Kahire, Nahda Barajı müzakerelerini ‘mümkün olan en kısa sürede’ yeniden başlatmak istiyor

Etiyopya, iç gerilimler azaldıktan sonra Rönesans Barajı’nı işletmeye hazırlanıyor (Ethiopian Broadcasting Corporation)
Etiyopya, iç gerilimler azaldıktan sonra Rönesans Barajı’nı işletmeye hazırlanıyor (Ethiopian Broadcasting Corporation)

Mısır, bir hafta içinde yaptığı ikinci açıklamasında, Etiyopya ve Sudan ile Nahda (Rönesans) Barajı müzakerelerinin bir an önce yeniden başlatılması isteğini dile getirdi. Kahire, "tartışmalı noktaların" çözülmesini hızlandırmak ve üç ülkenin çıkarlarını sağlayan ve bölgesel istikrarı koruyan bağlayıcı bir yasal anlaşmaya varmak çağrısında bulundu.
Addis Ababa'nın 2011'den beri inşa etmekte olduğu baraj, Nil'in aşağısındaki iki ülke ile gerilimi artırıyor. Kahire ve Hartum, Addis Ababa'dan barajın beklenen olumsuz etkilerini sınırlamalarını garanti eden bağlayıcı bir yasal anlaşma imzalamasını talep ediyor. Aralıklı olarak 10 yıl uzayan üçlü müzakerelerde başarısız olan konu da budur.
 Müzakerelerin son oturumu, geçen Nisan ayında Afrika Birliği'nin himayesinde gerçekleşti ve ardından üç ülke bir ilerleme sağlayamadıklarını açıkladı. Bunun üzerine Mısır ve Sudan Güvenlik Konseyi'ne sığındı. Konsey Eylül ayı ortasında, üç ülkeyi Afrika Birliği himayesinde müzakereleri sürdürmeye ve makul bir süre içinde bağlayıcı bir anlaşmaya varmaya teşvik eden bir "karar" yayınladı.
 Mısır Başbakanı Mustafa Madbuli, ülkesinin "barajı doldurmak ve işletmek için yasal olarak bağlayıcı bir anlaşmaya varmaya" arzusunu dile getirdi. Böylece Etiyopya'nın barajdan elektrik üretimi ve sürdürülebilir kalkınma alanında mümkün olan maksimum fayda sağlanıp aşağı havzadaki ülkelere zarar vermeyerek ortak çıkarlara ulaşılması hedefleniyor.

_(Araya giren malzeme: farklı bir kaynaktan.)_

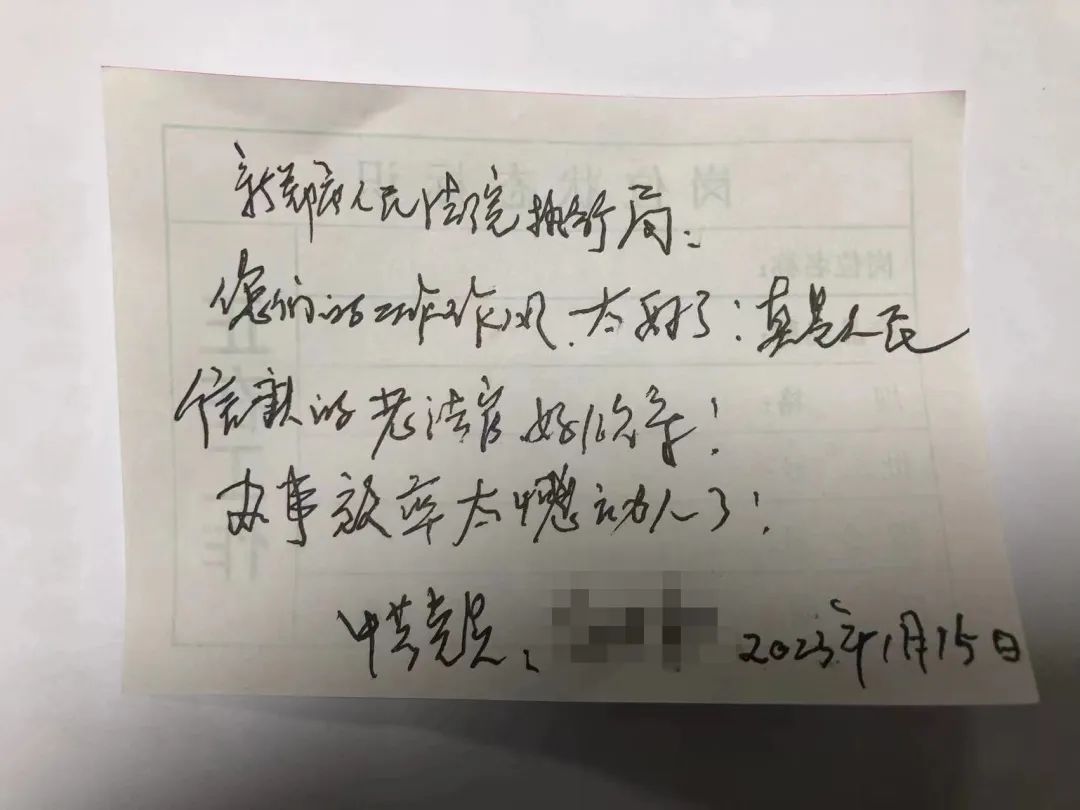 “在此我和我的全家都非常感谢马超法官......”、“你们的工作效率太高了......”、“办案高效司法为民,热情服务公正执法......”,近日,新郑法院集中执行活动的持续深入开展,拿到执行款的老百姓纷纷发来感谢信,送来锦旗表达对法院和执行干警的感谢之情。

Madbuli, resmi Facebook sayfasındaki bir paylaşımında, “Mısır, teknik ve yasal tartışmalı noktaların çözümünü hızlandırmak amacıyla müzakereleri mümkün olan en kısa sürede yeniden başlatmak istiyor. Bundaki amaç Mısır'ın su kıtlığını ve esas olarak ana kaynağı Mavi Nil olan Nil suyuna bağımlılığını dikkate alarak adil, dengeli ve hakkaniyetli bir anlaşmaya varmak” ifadelerini kullandı.

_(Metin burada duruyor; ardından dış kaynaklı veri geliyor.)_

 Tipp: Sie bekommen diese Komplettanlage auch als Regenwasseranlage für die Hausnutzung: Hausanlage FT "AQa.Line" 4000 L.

 Mısır Başbakanı, Etiyopya'nın Mısır'ın kalkınma projelerinin uygulanmasını engellemeye çalıştığı yönündeki iddialarını yalanladı. Madbuli, “Bütün Nil Havzası ülkelerinde kalkınmanın yardımlar yoluyla sağlanması, her zaman Mısır'ın önceliklerinden biri olmuştur. Bu kardeş ülkelere, bu ülkelerin halklarına istikrar sağlamanın temeli olarak ikili işbirliği çerçevesinde yardım etmeye katkıda bulunur. Bölgesel istikrarı sağlayacak yeni bir işbirliği aşamasının temellerini atacak Rönesans Barajı için istenilen anlaşmaya varılması konusunda umutluyum” diye konuştu.
Bu açıklama, Kahire'nin aynı hafta içinde müzakerelere yeniden başlamaya hazır olduğunu Etiyopya'ya bildirmek için yaptığı ikinci açıklama kabul ediliyor.

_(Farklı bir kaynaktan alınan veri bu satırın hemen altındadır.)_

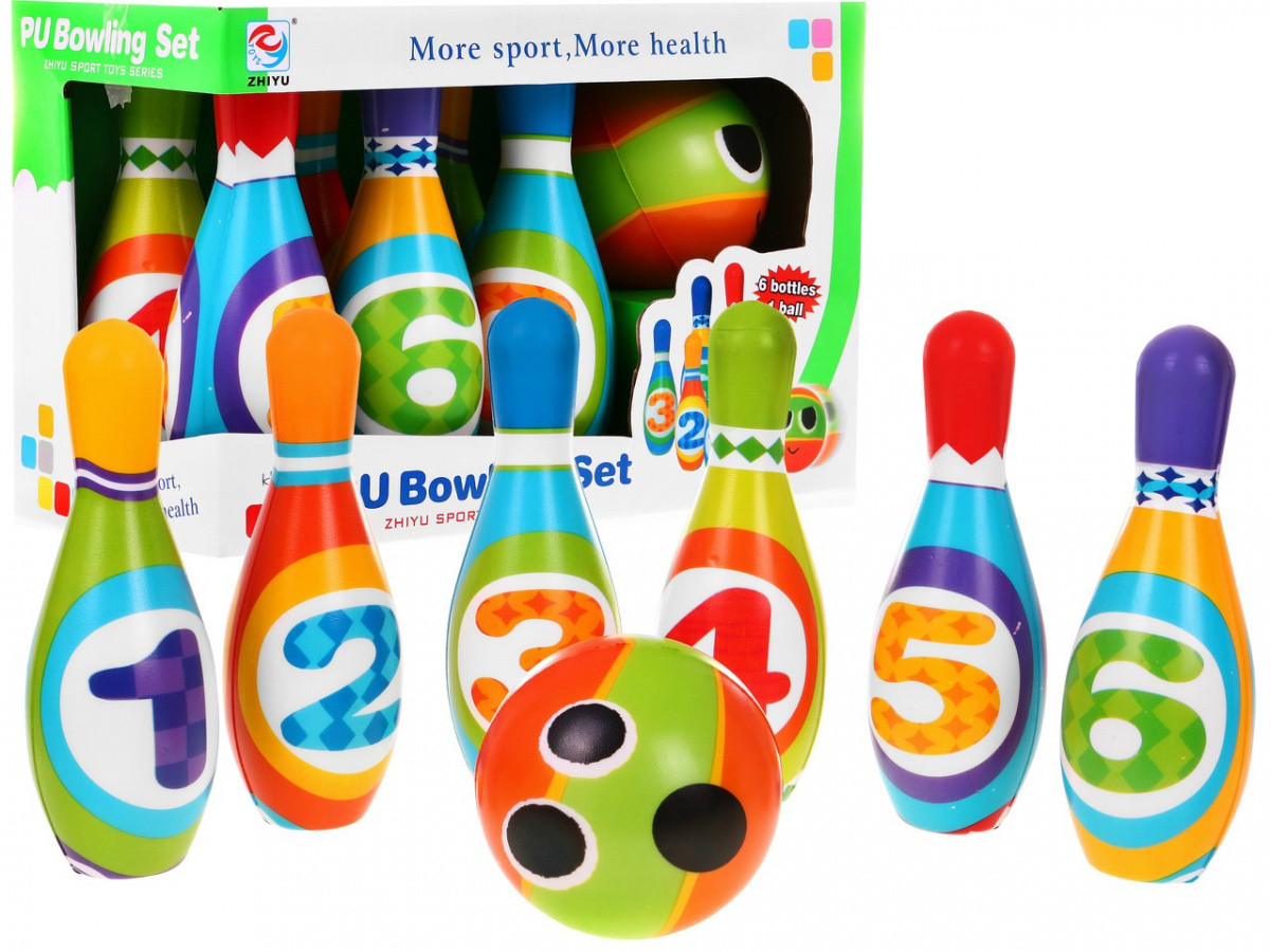 Kolorowe piankowe kręgle z piłeczka dla dzieci od 3-go roku życia. Zestaw przeznaczony jest do zabawy zarówno w domu, jak i na świeżym powietrzu.

Mısır Dışişleri Bakanı Samih Şükri, geçtiğimiz Pazar günü, Kahire’nin bir anlaşmaya varılmasına yardımcı olacak siyasi irade olması halinde Etiyopya ile müzakereleri sürdürmeye her zaman hazır olduğunu söyledi.
Şükri açıklamasında şu ifadeleri kullandı: “Özellikle Afrika çerçevesinde birçok deneyim var ve bunlar, yukarı havza ve aşağı havza ülkelerinin çıkarlarını karşılayan uluslararası hukuka uygun olarak çözüldü.”
Görünüşe göre Mısır, Etiyopya Başbakanı Abiy Ahmed'in geçen hafta sonu Mısır ve Sudan'a "Rönesans Barajı" konusundaki "söylemlerini değiştirme" çağrısına ve "işbirliği söylemini güçlendirme" talebine yanıt veriyor.
Mısır'ın müzakerelerin yeniden başlamasına ilişkin adımları çerçevesinde, Cumhurbaşkanı Abdulfettah es-Sisi dün Cezayirli mevkidaşı Abdulmecid Tebbun ile Kahire'deki Federal Saray'da düzenlediği basın toplantısında şunları söyledi: “Arap ulusal güvenliğinin bir parçası olduğu için Mısır'ın su güvenliği konusunu görüştük ve çok önemli bir konu olduğu için Mısır'ın su haklarının korunması gereği üzerinde anlaştık. Cumhurbaşkanı Tebbun, Mısır'ın barajın doldurulması ve işletilmesine ilişkin kurallar konusunda kapsamlı ve adil bir anlaşmaya varma çabalarını takdir ettiğini söyledi.”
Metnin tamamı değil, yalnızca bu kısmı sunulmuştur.